Question ID: #363
A and B alternately throw a pair of dice. A wins if he throws a sum of 5 before B throws a sum of 8, and B wins if he throws a sum of 8 before A throws a sum of 5. The probability, that A wins if A makes the first throw, is
- (1) $\frac{9}{17}$
- (2) $\frac{9}{19}$
- (3) $\frac{8}{17}$
- (4) $\frac{8}{19}$
Solution:
Let $S_A$ denote the event that A throws a sum of 5.
The possible outcomes for a sum of 5 are: $(1,4), (4,1), (2,3), (3,2)$.
$$ n(S_A) = 4 \Rightarrow P(S_A) = \frac{4}{36} = \frac{1}{9} $$
Let $p_1 = \frac{1}{9}$ and $q_1 = 1 – \frac{1}{9} = \frac{8}{9}$.
Let $S_B$ denote the event that B throws a sum of 8.
The possible outcomes for a sum of 8 are: $(2,6), (6,2), (3,5), (5,3), (4,4)$.
$$ n(S_B) = 5 \Rightarrow P(S_B) = \frac{5}{36} $$
Let $p_2 = \frac{5}{36}$ and $q_2 = 1 – \frac{5}{36} = \frac{31}{36}$.

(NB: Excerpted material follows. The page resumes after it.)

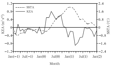 | Fig. 5. Composite evolution of SST A(dashed line; ℃)inthe Niƥno 3. 4 region and kinetic energy anomalies associated with the atmospheric intraseasonal oscillation(KEA;solid line; m2s-2)over the equatorial western Pacific overfive strong El Niƥno events. The axis label 0 indicates theyear of El Niƥno onset. [From Li et al., 2008] |

A starts the game. A wins in the 1st throw, or 3rd throw (after A fails, B fails), or 5th throw, etc.
$$ P(A \text{ wins}) = p_1 + q_1 q_2 p_1 + (q_1 q_2)^2 p_1 + \dots $$
This is an infinite Geometric Progression with first term $a = p_1$ and common ratio $r = q_1 q_2$.
$$ r = \frac{8}{9} \times \frac{31}{36} = \frac{62}{81} $$
$$ P(A \text{ wins}) = \frac{a}{1-r} = \frac{1/9}{1 – 62/81} $$
$$ = \frac{1/9}{(81-62)/81} = \frac{1}{9} \times \frac{81}{19} = \frac{9}{19} $$
Ans. (2)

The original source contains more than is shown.